§ DATA:
*** Block opens ***
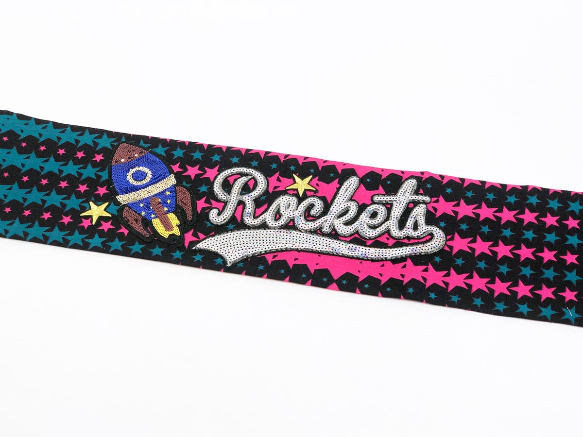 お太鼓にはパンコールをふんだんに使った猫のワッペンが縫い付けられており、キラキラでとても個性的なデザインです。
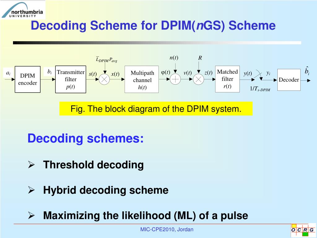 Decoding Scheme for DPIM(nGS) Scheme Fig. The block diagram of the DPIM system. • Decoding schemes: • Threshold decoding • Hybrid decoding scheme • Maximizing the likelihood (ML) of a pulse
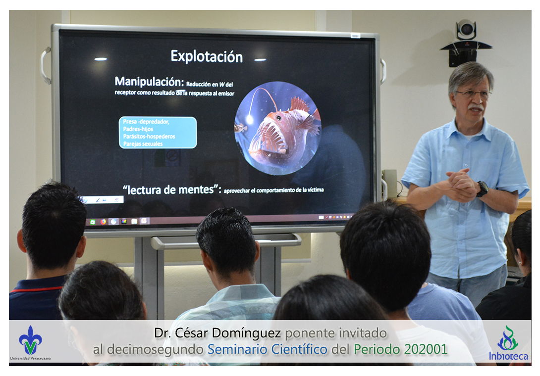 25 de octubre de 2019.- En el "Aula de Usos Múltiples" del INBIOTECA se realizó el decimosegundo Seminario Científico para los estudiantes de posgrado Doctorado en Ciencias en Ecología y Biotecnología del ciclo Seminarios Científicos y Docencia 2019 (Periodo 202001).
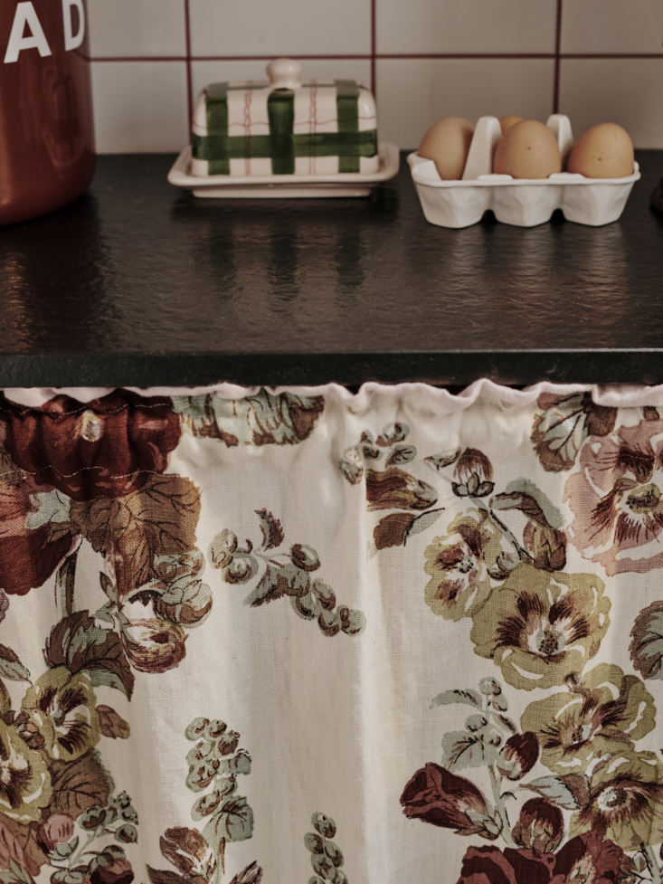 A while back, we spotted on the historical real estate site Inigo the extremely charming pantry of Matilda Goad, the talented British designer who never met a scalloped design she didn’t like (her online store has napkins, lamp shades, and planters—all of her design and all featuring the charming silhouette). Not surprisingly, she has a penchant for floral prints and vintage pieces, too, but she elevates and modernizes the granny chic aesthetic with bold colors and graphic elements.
*** Block closes ***
*** Block opens ***
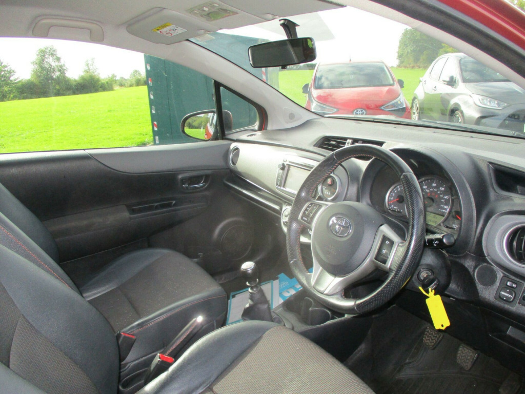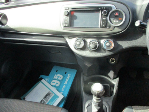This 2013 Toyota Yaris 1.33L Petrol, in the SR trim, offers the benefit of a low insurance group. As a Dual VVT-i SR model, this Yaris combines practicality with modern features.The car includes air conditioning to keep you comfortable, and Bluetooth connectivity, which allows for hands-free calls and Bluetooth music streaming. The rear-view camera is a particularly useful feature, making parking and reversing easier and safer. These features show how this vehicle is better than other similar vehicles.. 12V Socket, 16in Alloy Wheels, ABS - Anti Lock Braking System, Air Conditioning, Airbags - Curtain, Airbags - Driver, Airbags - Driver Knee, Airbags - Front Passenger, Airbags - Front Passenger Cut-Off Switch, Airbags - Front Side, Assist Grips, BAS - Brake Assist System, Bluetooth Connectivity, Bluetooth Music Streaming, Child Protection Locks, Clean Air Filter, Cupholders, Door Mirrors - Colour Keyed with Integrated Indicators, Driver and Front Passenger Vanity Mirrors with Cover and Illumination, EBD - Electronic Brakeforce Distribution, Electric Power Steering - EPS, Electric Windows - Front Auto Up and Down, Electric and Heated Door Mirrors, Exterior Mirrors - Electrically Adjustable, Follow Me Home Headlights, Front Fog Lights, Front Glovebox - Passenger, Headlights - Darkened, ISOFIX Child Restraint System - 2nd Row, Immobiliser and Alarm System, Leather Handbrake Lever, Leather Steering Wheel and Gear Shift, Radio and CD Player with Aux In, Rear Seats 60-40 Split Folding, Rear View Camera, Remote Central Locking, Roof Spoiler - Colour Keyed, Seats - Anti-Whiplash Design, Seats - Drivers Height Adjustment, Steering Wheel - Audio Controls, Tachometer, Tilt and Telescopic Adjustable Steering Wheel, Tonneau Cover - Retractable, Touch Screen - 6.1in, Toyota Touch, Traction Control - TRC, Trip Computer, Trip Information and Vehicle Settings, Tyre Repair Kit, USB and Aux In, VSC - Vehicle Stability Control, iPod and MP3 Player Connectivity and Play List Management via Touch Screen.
*** Block closes ***
§ PROBLEM DESCRIPTION:
Copy word for word the lines of the records above from the one with "お太鼓にはパンコールをふんだ" up to and including the one with "A while back, we". Skip the pictures.

§ ANSWER SECTION:
 お太鼓にはパンコールをふんだんに使った猫のワッペンが縫い付けられており、キラキラでとても個性的なデザインです。
 Decoding Scheme for DPIM(nGS) Scheme Fig. The block diagram of the DPIM system. • Decoding schemes: • Threshold decoding • Hybrid decoding scheme • Maximizing the likelihood (ML) of a pulse
 25 de octubre de 2019.- En el "Aula de Usos Múltiples" del INBIOTECA se realizó el decimosegundo Seminario Científico para los estudiantes de posgrado Doctorado en Ciencias en Ecología y Biotecnología del ciclo Seminarios Científicos y Docencia 2019 (Periodo 202001).
 A while back, we spotted on the historical real estate site Inigo the extremely charming pantry of Matilda Goad, the talented British designer who never met a scalloped design she didn’t like (her online store has napkins, lamp shades, and planters—all of her design and all featuring the charming silhouette). Not surprisingly, she has a penchant for floral prints and vintage pieces, too, but she elevates and modernizes the granny chic aesthetic with bold colors and graphic elements.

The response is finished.